The encapsulation layers 107, 109, the first and second two-dimensional materials or layers 103, 105, and the inter-layer may each comprise or consist solely of a single layer or a few-layers (for example, two to five).
The excitonic device 101 may further include a substrate 111 to which the heterostructure HS is attached. The substrate 111 may, for example, comprise or consist solely of Si and/or SiO2.
The excitonic device 101 may further include at least one gate electrode 115 configured to apply an electric field to the heterostructure HS to control an exciton flux in the heterostructure HS. The gate electrode 115 can comprise or consist of a top gate electrode TG provided above the heterostructure HS and configured to apply an electric field perpendicular to a crystal plane or a plane of extension of the heterostructure HS or the first and second two-dimensional layers 103, 105.

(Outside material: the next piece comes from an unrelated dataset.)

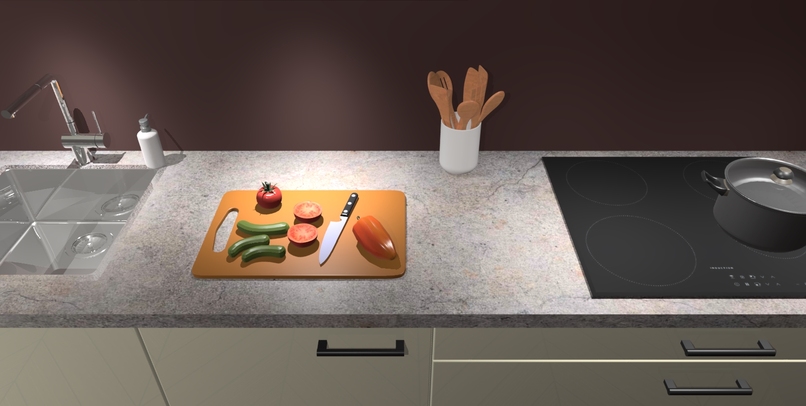 - Uitsparing van kookplaat, spoelbak en kraan dient u zelf te verzorgen.

A plurality of top gate electrodes TG or a series of interspaced of top gate electrodes TG may be included. The plurality of top gate electrodes TG or the series of interspaced of top gate electrodes TG are, for example, configured to apply an electric field to the heterostructure to create a laterally modulated electric field to drive exciton displacement or motion, for example motion towards regions of lower energy.

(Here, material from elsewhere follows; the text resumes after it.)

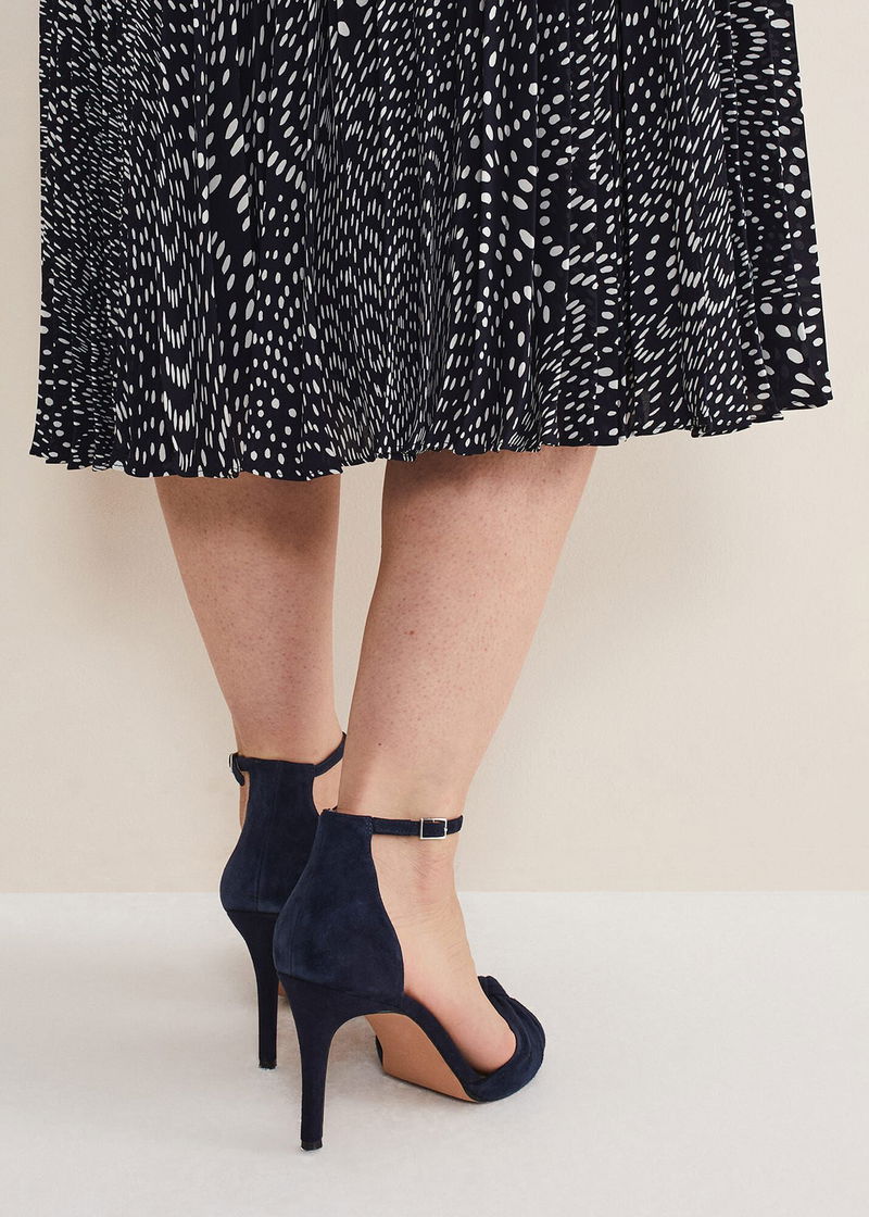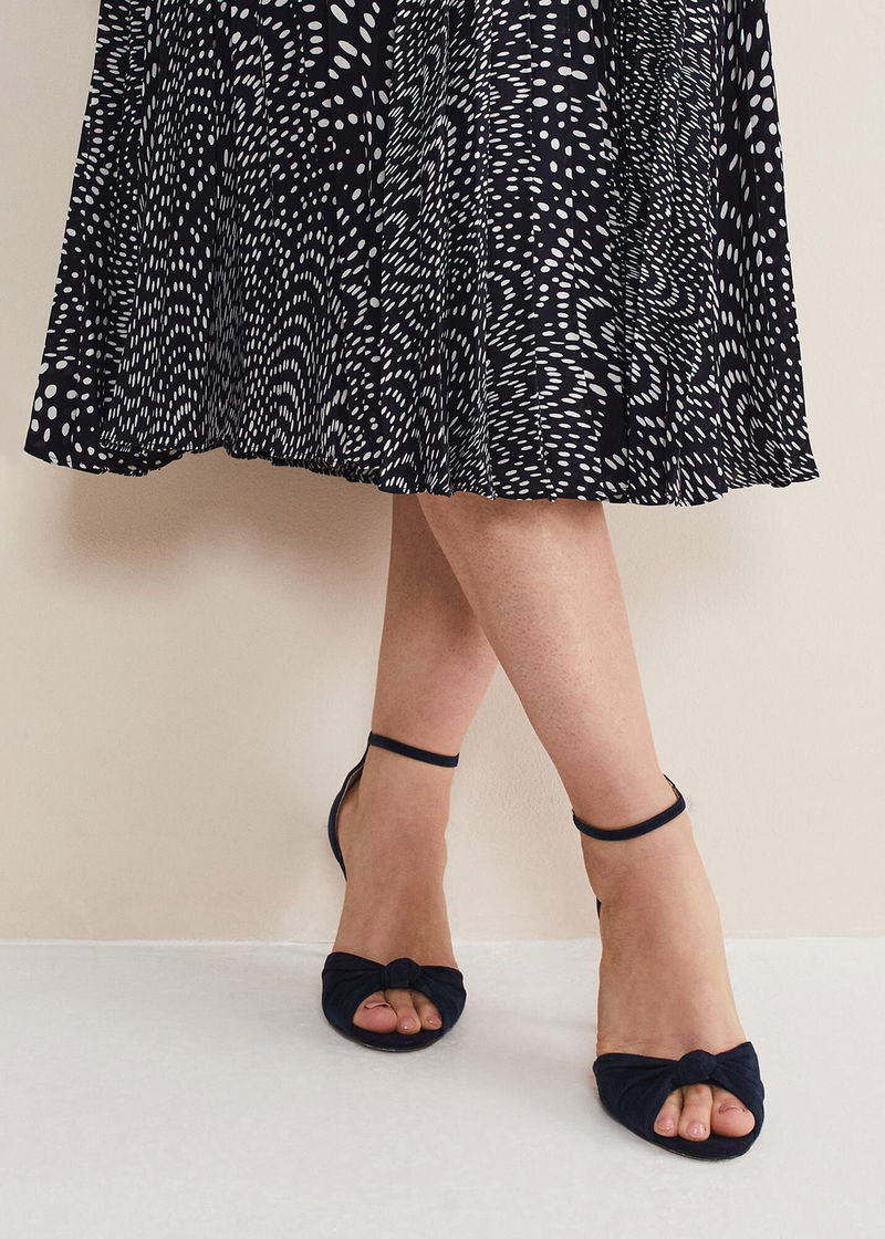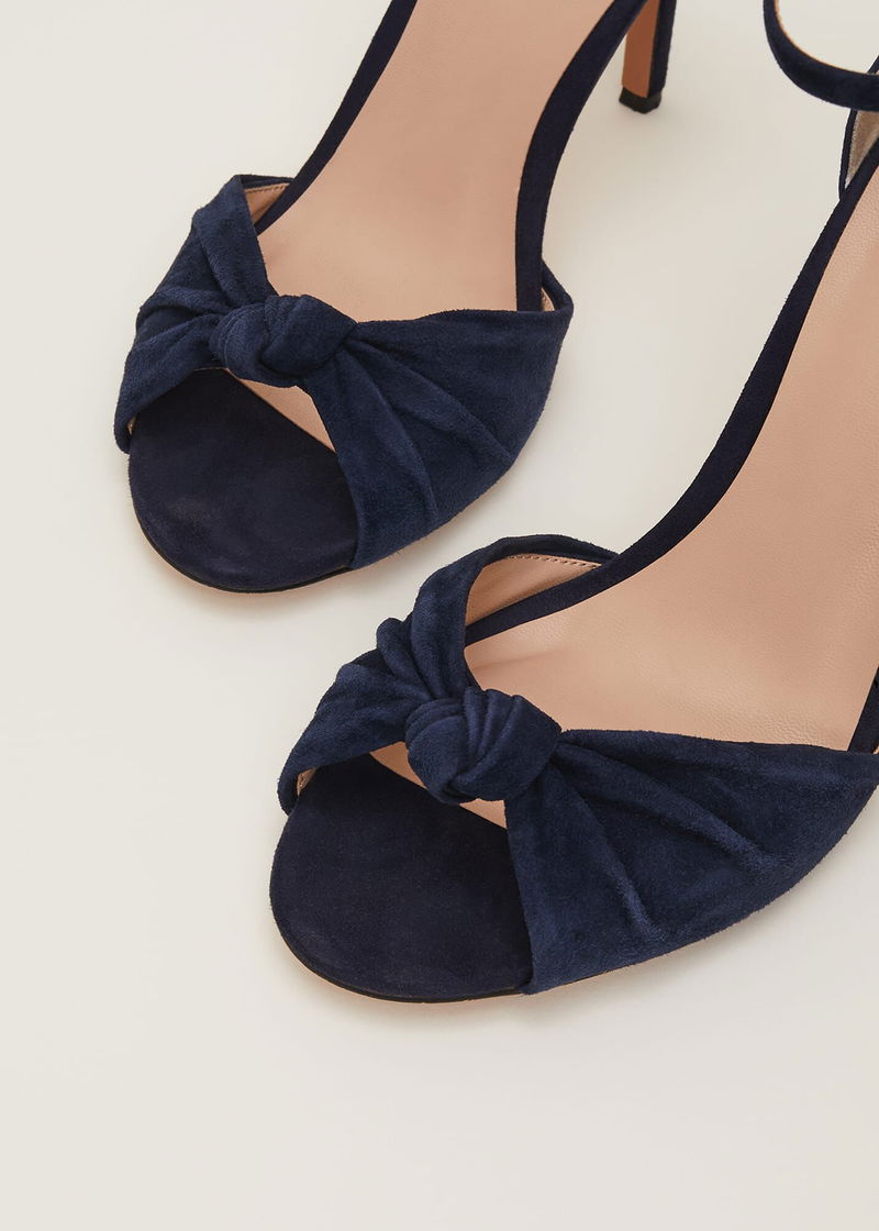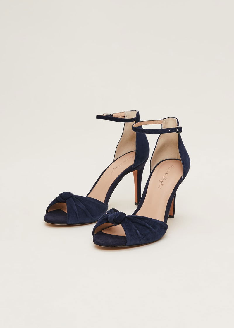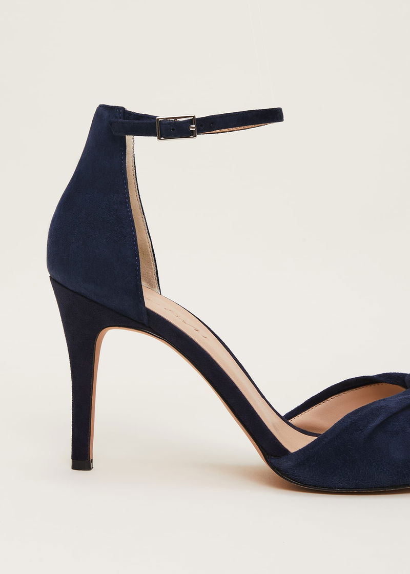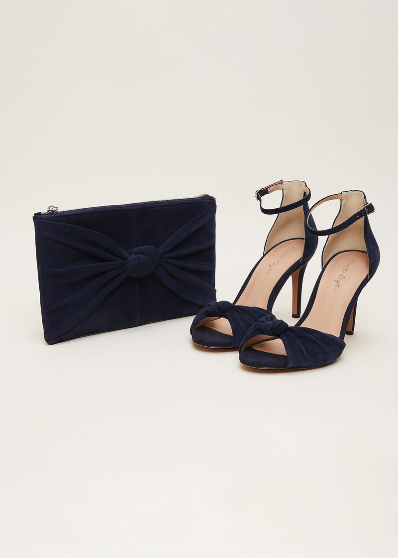 A perfect choice for any special occasion. Our elegant navy heels feature delicate ankle straps and knot detailing at the peeptoe. Style with the matching clutch.

The excitonic device 101 may further include at least one or a plurality of bottom gate electrodes BG. Alternatively, the substrate may define or act as a bottom gate electrode. The gate electrode or electrodes may comprise or consist solely of graphene and/or a metal, for example, Cr, Pt or Pd.
The excitonic device 101 may also include or be combined with an interlayer exciton generation means or device 117. The interlayer exciton generation means or device 117 is configured to generate interlayer excitons in the heterostructure HS.
The present disclosure also concerns an excitonic switch or excitonic transistor including the excitonic device 101.
The present disclosure additionally concerns an excitonic coupling device for coupling an optical data transmission system and an electronic processing system, the excitonic coupling device including the excitonic device 101.
The excitonic device 101 and the different operation methods and applications thereof are now described and explained in more detail.
In this present disclosure, the inventors demonstrate the first room-temperature excitonic devices 101, based on atomically thin semiconductors that could open the way for wider application of excitonic devices in the industrial sector11. Many applications can be envisaged, since excitons could be used to efficiently couple optical data transmission and electronic processing systems. While fast optical switches were already demonstrated12,13, the comparably large size (˜10 μm)14,15 of such devices strongly limits packing density. This can be overcome in excitonic devices, whose characteristic size is that of electronic field-effect transistors (FETs).
Owing to their finite binding energy Eb, excitons can exist up to temperatures on the order of T˜Eb/kB, where kB is the Boltzmann constant. In a conventional III-V semiconductor coupled quantum well (CQW) with a size of a few nanometres, a relatively small binding energy around 10 meV allows exciton observation only at cryogenic temperatures (<100 K, ref. 3). To reach higher temperatures, different materials are required. Towards this, systems with higher Eb (in the range of tens of meV) have more recently been explored, such as (Al,Ga)N/GaN16 or ZnO17.
Two-dimensional semiconductors such as transition metal dichalcogenides (TMDCs) possess even larger exciton binding energies, which can exceed 500 meV in some cases due to strong quantum confinement4,5. The Inventors exploit this material in the present disclosure for the realization of excitonic devices 101 operating at room temperature.
While intralayer excitons have relatively small lifetimes (τ˜10 ps)7,19, the spatial separation of holes and electrons in interlayer excitons results in more than two orders of magnitude longer lifetimes, well in the nanosecond-range6.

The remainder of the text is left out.